Salvation in Philadelphia
Two days later, Matilda regained consciousness and found that everything had changed. She was no longer on the side of the road but in a bed. She heard a man’s voice ask if she was dead. She could make out carpentry sounds in the distance and moans closer by.
She drifted to sleep, and nightmares plagued her fever dreams. She choked on dirt and dust billowing from carriages in the road. There were too many of them, and their horses fought for space as people fled the city. A group of soldiers appeared and yelled at her in French. Grandpa was with them and ordered them to fire their guns at her. She woke with a jolt. The room was dark except for a streak of moonlight coming through a window.
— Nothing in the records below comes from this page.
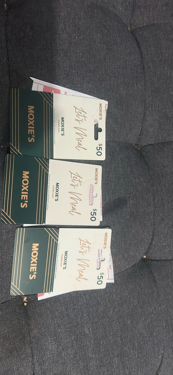 28Selling Moxie's gift cards, each with a value of $50. Selling for $40 each
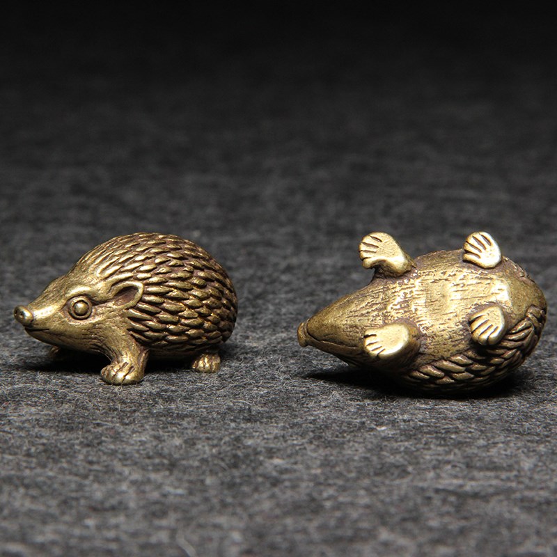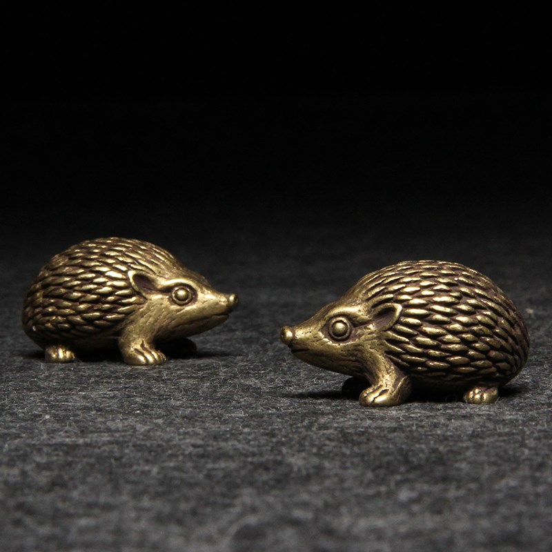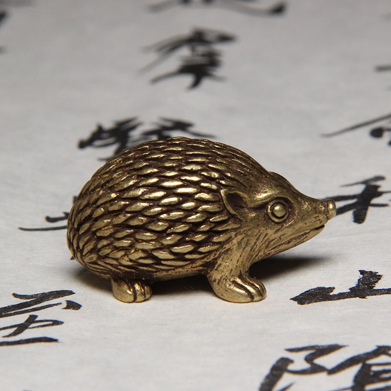 速发铜刺猬摆件实心黄铜小刺猬手把铜茶宠仿古铜器件猬件刺雕小摆
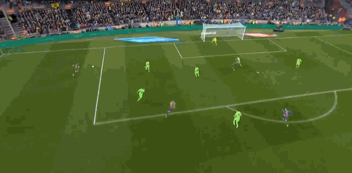 第62分钟,登贝莱直塞,苏亚雷斯禁区右肋抽射被罗贝尔-皮耶尔挡出,比达尔弧顶处停球,梅西禁区右肋急停扣过后卫低射远角,1-0。

She was laying in a mess of wet sheets covered in blood and black goo, the same type of mess her mother had made. There was only one explanation—yellow fever. To her left slept a young woman with braids. To her right was a corpse covered by a sheet. Her heart thumped. Was it her mother? Grandpa? She lifted the sheet and saw the smooth hand of a young woman.
The next time she woke up, the shutters were closed against the blazing sun. She could make out her surroundings better. It was a large room like the Ogilvie’s drawing room, but bigger and missing the adorned furniture. The ceilings were high, and a chandelier hung in the middle. A large woman appeared with a bowl of steaming broth. Her name was Bridget Flagg, and she was relieved to see that Matilda had made it through the night.
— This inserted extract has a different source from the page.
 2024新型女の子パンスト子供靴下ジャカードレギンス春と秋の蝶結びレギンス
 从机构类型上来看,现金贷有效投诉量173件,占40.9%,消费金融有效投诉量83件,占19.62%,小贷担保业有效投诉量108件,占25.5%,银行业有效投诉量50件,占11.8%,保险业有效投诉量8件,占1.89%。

Bridget told Matilda that Grandpa was waiting to see her. He didn’t have yellow fever, just a cough and heatstroke. She also commented on how handsome and charming he was, not to mention brave and strong for carrying Matilda all the way there. Matilda relaxed. If Grandpa was flirting and telling tall tales, he was just fine.
Just then, Grandpa came into the room. He teased Matilda about being lazy in bed when there was work to be done. Then, he and Bridget started to flirt. Matilda had to interrupt to find out where they were and how they’d gotten there. Her relief turned to panic when Bridget said she was at Bush Hill Mansion, a large property outside the city limits.
Bush Hill Hospital
The city of Philadelphia had turned Bush Hill into a hospital for those with fever when the disease first spread. Rumors of criminals preying on the sick and bodies piling up were heard all over the city. Bush Hill was a dangerous place, and Matilda wanted to get herself and Grandpa out of there. She tried to stand, but Bridget helped her back down.
Bush Hill had changed, Bridget said. A wealthy French businessman named Stephen Girard had purchased the place and cleared out the riff raff and disreputable employees. He fixed the place up and brought in a real team of French doctors, nurses, medicine, and food. It was a proper hospital now. Both Matilda and Grandpa knew of Mr. Girard from the coffeehouse, and Grandpa greatly admired him. He was an astute businessman, with a hand in many ventures around Philadelphia.
Bridget said they were lucky to be there. The French doctors knew how to treat the fever, not like Dr. Rush, whose bloodletting strategy was believed to make people worse. The mention of bloodletting reminded Matilda of Dr. Kerr’s treatment of her mother. She became agitated. What had happened to her mother?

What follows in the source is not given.